Table 1. Comparison of Verdet constants in the DUV region

The optimum medium length for the FR can be calculated using the fitting function. In the simplest optical isolator, the rotation angle by the FR should be 45°. Table 2 presents the optimum thicknesses of SQ for the FR in a typical UV-DUV laser. The strength of the magnetic field was assumed to be 1 T for this calculation. Evidently, those thicknesses are in the range of 10-45 mm, and they are acceptable for assembling a compact optical isolator at the DUV wavelength range. The critical characteristic is that the Verdet constant of diamagnetic materials is not dependent on temperature [19]. Therefore, it can be concluded that the term of thermal depolarization caused by the temperature dependent Verdet constant can be ignored [20]. The thermal depolarization by the change of eigenpolarizations caused by the photoelastic effect can be estimated by following equation [20].

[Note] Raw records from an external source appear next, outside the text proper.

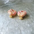 ピンクとクリアビーズをスクリューさせた、レトロなデザイン。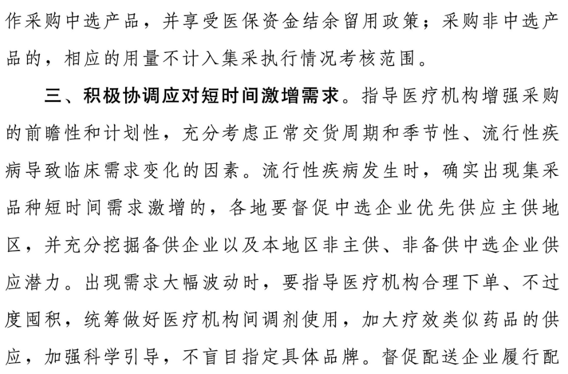 《通知》指出,各級(jí)醫(yī)保部門要強(qiáng)化供需對(duì)接,建立醫(yī)療機(jī)構(gòu)與中選企業(yè)線上溝通協(xié)調(diào)機(jī)制,暢通供應(yīng)問(wèn)題反饋收集渠道。鼓勵(lì)醫(yī)療機(jī)構(gòu)主動(dòng)向醫(yī)保部門書面反饋中選產(chǎn)品供應(yīng)問(wèn)題,經(jīng)核實(shí)后,該醫(yī)療機(jī)構(gòu)采購(gòu)備供企業(yè)產(chǎn)品可直接視作采購(gòu)中選產(chǎn)品,并享受醫(yī)保資金結(jié)余留用政策,采購(gòu)非中選產(chǎn)品的,相應(yīng)的用量不計(jì)入集采執(zhí)行情況考核范圍。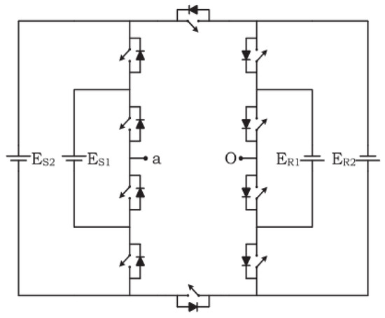 The first circuit is a three-phase inverter, as shown in Figure 5b, which consists of a three star-connected single-phase inverter. There are 30 insulated gate bipolar transistors (IGBTs) with diodes and 12 DC sources. The output terminals of the three-phase inverter are points (+A, +B, and +C), while points (−A, −B, and −C) are connected to form the neutral point in the star connection.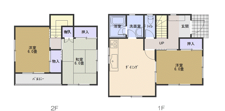 1F 9.5帖LDK,6帖洋,浴室,水洗トイレ,洗面所2F 6帖和,6帖洋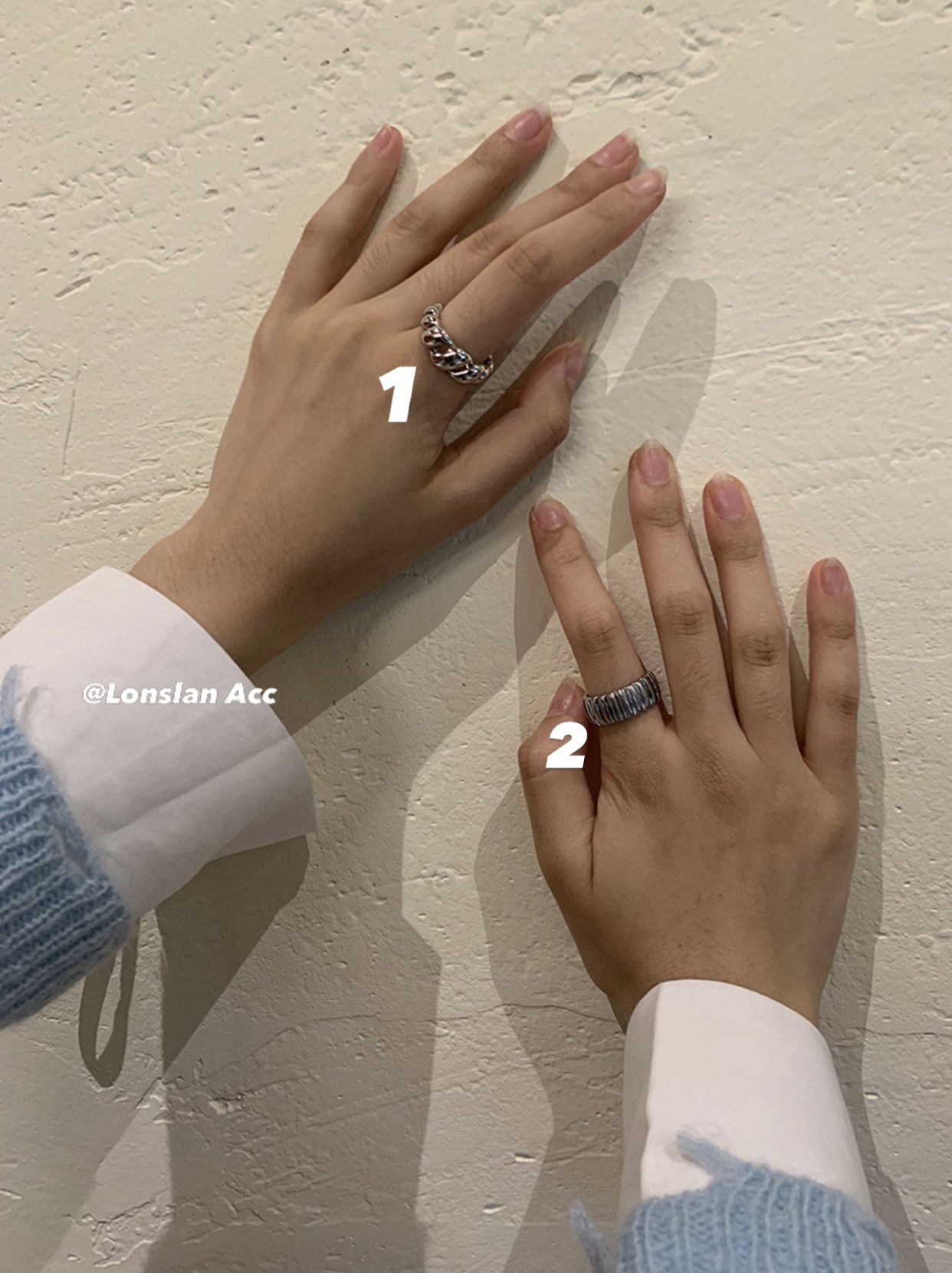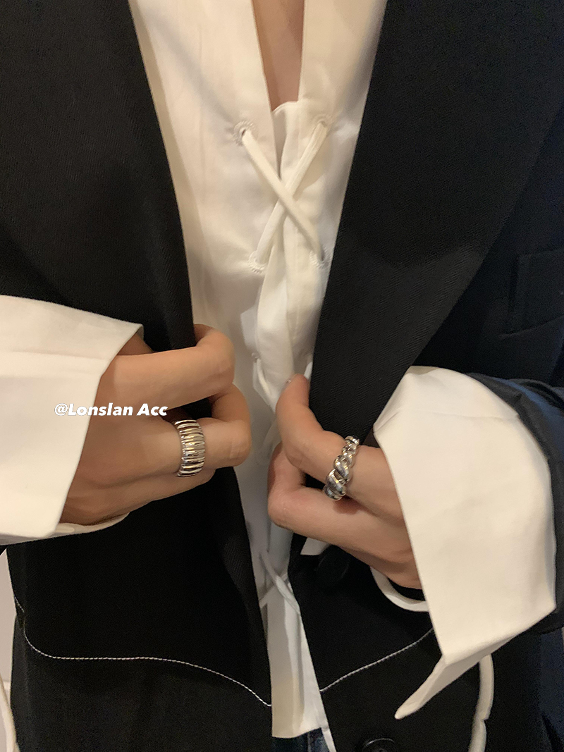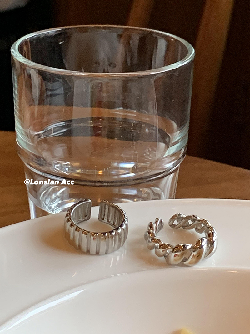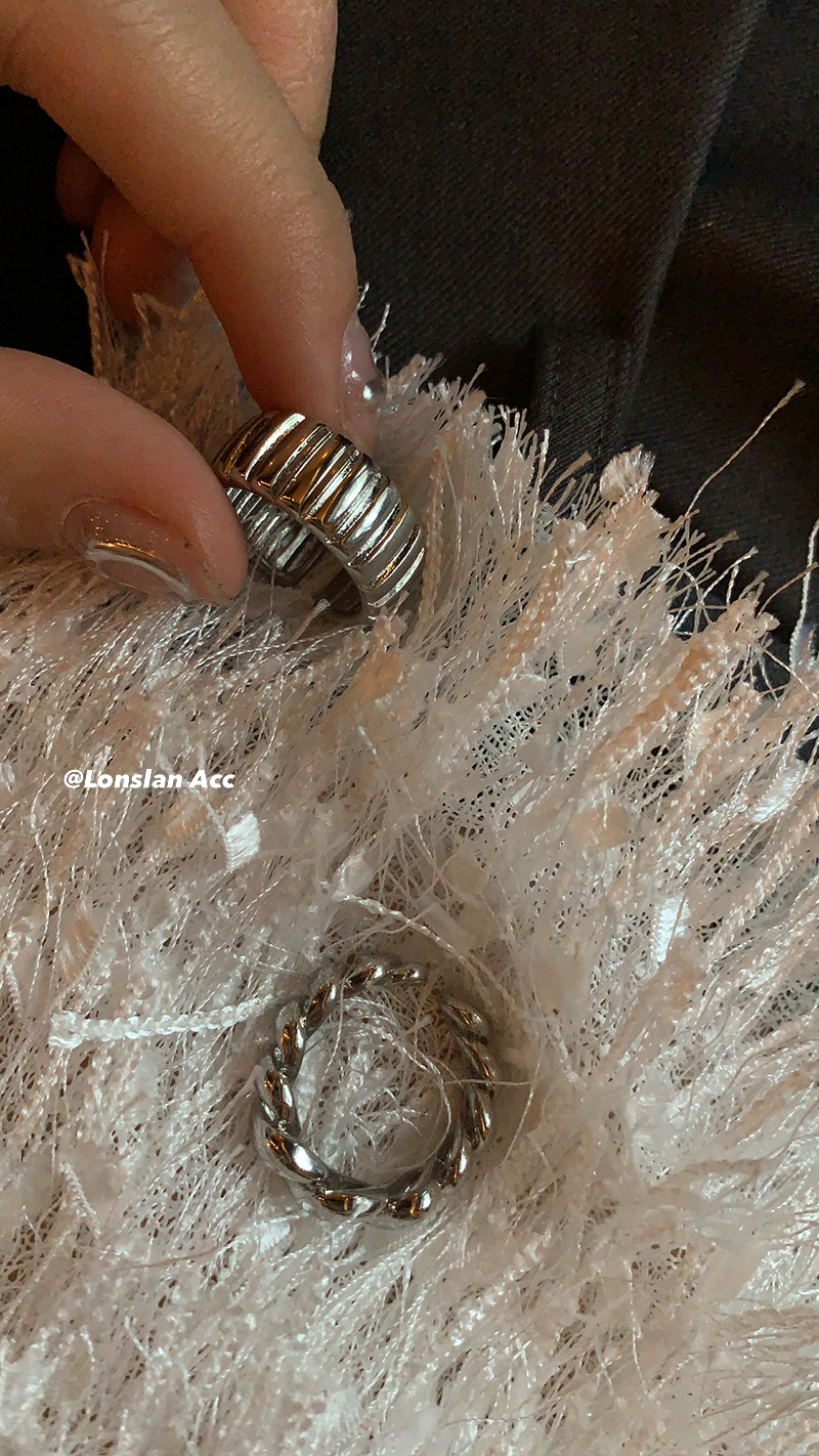 Lonslan ACC 法式复古麻花金属银色百搭开口戒指套装两件套

$$\gamma _P^{} = {\left[ {\frac{{Lk{P_0}Q}}{{\lambda \kappa }}} \right]^2} \cdot \frac{{{A_1}}}{{{\pi ^2}}}$$
where L is a crystal length, κ is the thermal conductivity of the medium, P0 is the total beam power and Q is the thermo-optical constant which is given by
$$Q = \left( {\frac{1}{L}\frac{{dL}}{{dT}}} \right)\frac{{n_0^3}}{4}\frac{{1 + \nu }}{{1 - \nu }} \cdot ({{p_{11}} - {p_{12}}} ), $$

Tables Icon

Table 2. Design parameters of Faraday rotators for a typical DUV laser

ν is the Poisson coefficient, n0 is the refractive index, pi,j are photo elastic coefficients, and

$${A_1} = \int_0^\infty {{{\left( {\frac{1}{y} - \frac{{\exp ( - y)}}{y} - 1} \right)}^2}\exp ( - y)dy} \cong 0.137.$$

By using λ = 200 nm, L = 20 mm, Q ≈ 10−7 K-1(calculated from Ref. [8,21]). Assuming P0= 100- W, the thermal depolarization γP can be estimated to be ∼0.001 (30 dB). Also, the thermal lens effect can be estimated by following equation [13].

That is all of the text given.